Who Is Ishmael In The Bible?

"Call me Ishmael" has become one of the most famous opening lines in literature. The name Ishmael is arguably better known through that appearance in "Moby Dick" than for its biblical origin. The Ishmael of the Bible, a son of Abraham, tends to be overshadowed by his father, his brother Isaac, and his nephew Jacob. Ishmael isn't in that direct line of patriarchs that tradition holds birthed the nation Israel. But Ishmael was the firstborn son of Abraham, and he plays a prominent role in the Book of Genesis and in the Islamic faith.

In Genesis (via Bible Gateway), in the days when Abraham was still known as Abram, his wife Sarai could bear him no children, despite promises from God that Abram would be the father of nations. To try and ensure children, Sarai gave Abram her Egyptian slave Hagar as a second wife. Hagar was quick to conceive. But her pregnancy brought enmity between Hagar and Sarai. By the command of an angel, Hagar remained in Sarai's service despite mistreatment, and it was by the same angel's word that she named her son Ishmael.

The angel foretold that Ishmael would be "a wild donkey of a man." According to Christianty.com, this wasn't seen as an insult in the context of the time Genesis was written. Donkeys had an association with nobility, independence, and resistance to domination. But Hagar was also warned that Ishmael would never live in harmony with his future brothers.

Ishmael was driven out by his mother's rival

According to the Biblical story, Ishmael was 13, and Abram was 100, when Sarai finally conceived and bore Abram his legitimate son, Isaac. By then, Abram had been renamed Abraham ("father of nations," though the translation from Hebrew isn't entirely airtight) by God himself, and Sarai renamed Sarah (a more confusing change, according to the Armstrong Institute of Biblical Archeology). Before Isaac's birth, God confirmed with Abraham that Ishmael would not be the line of Abraham's descendants through whom God would make his covenant. But God also said of Ishmael, "I will surely bless him ... he will be the father of twelve rulers, and I will make him into a great nation."

While Hagar's angel had foretold strife between Ishmael and his brothers, Isaac never really knew his older sibling. During a feast held to celebrate Isaac's weaning, Ishmael's mocking attitude upset Sarah. She demanded that Abraham, who loved his eldest son, cast him and Hagar away. This Abraham was loathe to do until reassured by God of the promise to make Ishmael a great patriarch. The next day, he gave Hagar her freedom, supplied her and Ishmael with provisions, and sent them on their way.

Hagar led her son into the desert of Beersheba and soon resigned herself to death. Unwilling to watch Ishmael die, she left him under a bush and wandered off. Both began to cry until the angel of God returned to Hagar and told her they would not die.

Is Ishmael the ancestor of Muhammad?

The Bible says that, after being saved in the wilderness by the angel of God, Ismael became a great archer in the desert of Beersheba and lived to be 137 years old.
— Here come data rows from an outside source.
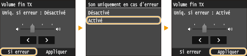Sélectionnez <Activé> (produire un son) ou <Désactivé> (ne pas produire un son).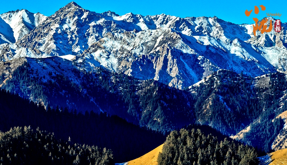 湛藍的天空下,祁連山換上了春雪賦予的銀裝,顯得更加氣勢磅礴。
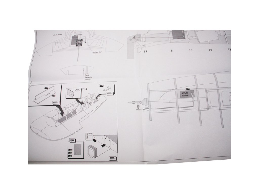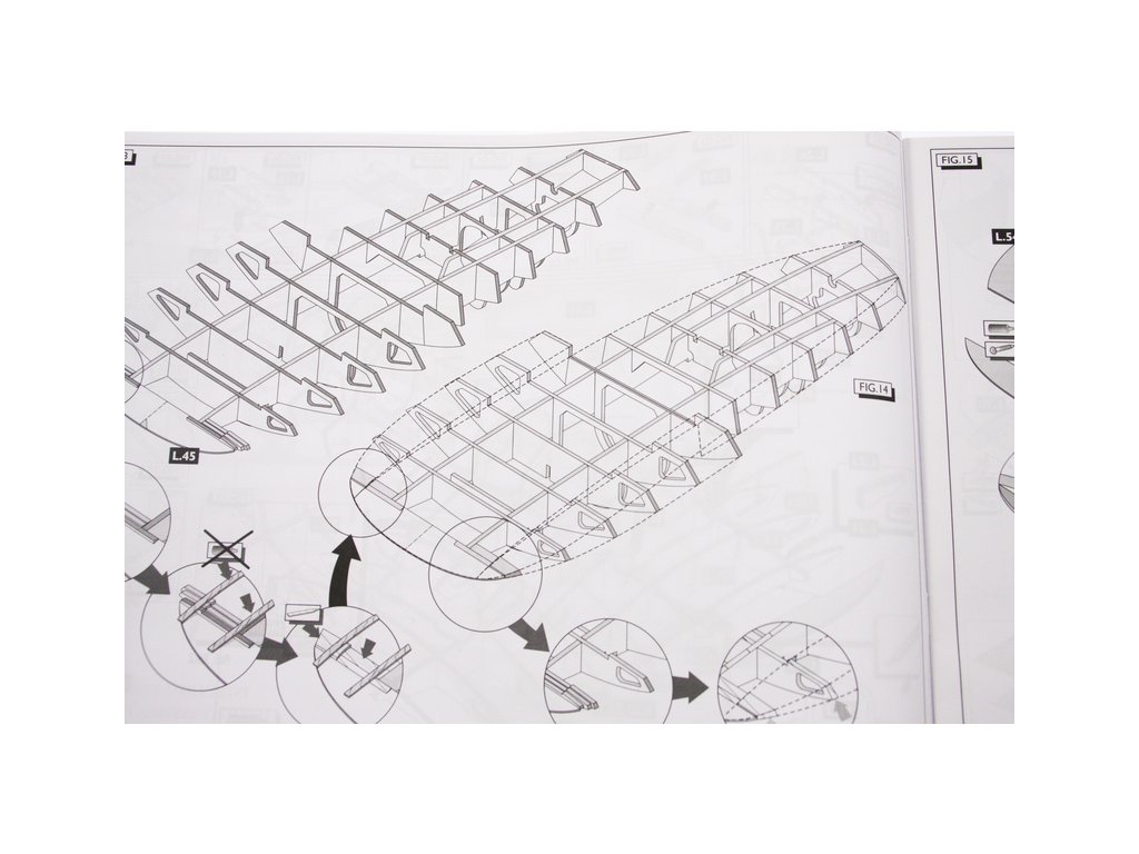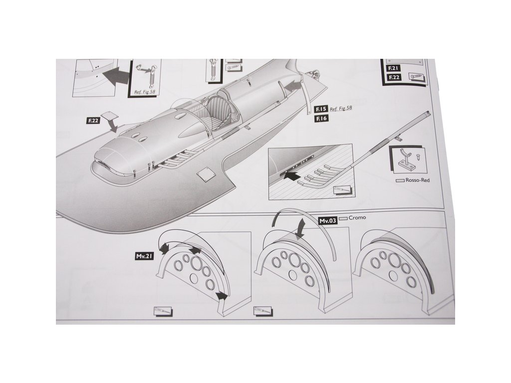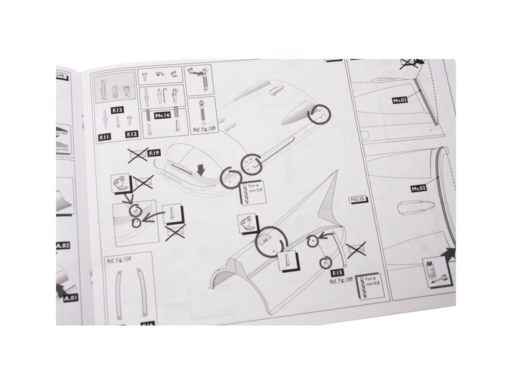 Set obsahuje kompletní sadu výkresové dokumentace modelu v měřítku 1:1 s obrázky jednotlivých detailů. Na výkrese jsou v měřítku nakresleny montážní sestavy a jejich kompletace. Vícejazyčný postup stavby rámcově upravuje logické sestavení jednotlivých komponentů.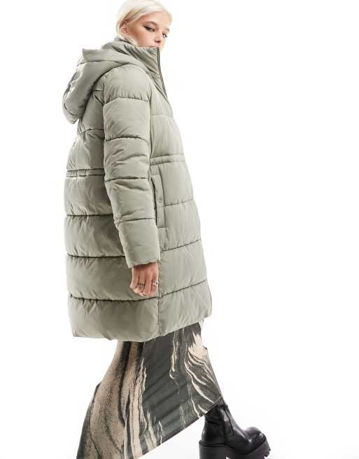 Vero Moda - Salviegrøn longline-dynefrakke med hætte

Just as Abraham's Jacob begat 12 sons, fathers of the 12 tribes of Israel, Ishmael fathered 12 tribal chieftains. Before his death, Ishmael appears to have been reconciled to Abraham and Isaac, helping his brother to bury their father.

The Quran takes the story and indications of reconciliation further, naming Ishmael as the son who helped Abraham lay the foundations of the Kaaba in Mecca. Tradition in Judaism and Islam holds that Ishmael was the forefather of Arabic tribes — if not all the Arab people — and Islamic literature expanded upon his scriptural history (per Britannica).

Another tradition within Islam holds that Ishmael, often referred to as a prophet himself, is the direct ancestor of Muhammad. Genealogies have traced a line from Ishmael to his son Kedar to the patriarch 'Adnan, from whom Muhammad was descended. But that family tree, and the tradition of Ishmael as the ancestor of Arabs, have both been contested. Linguist and pastor Mark Durie pointed in Middle East Forum to a lack of biblical or linguistic evidence, opining instead that the Ishmaelites were a Semitic tribe absorbed into a larger group. And Rafat Amari of the Religion Research Institute posits insurmountable genealogical gaps to putting Muhammad into the line of Ishmael.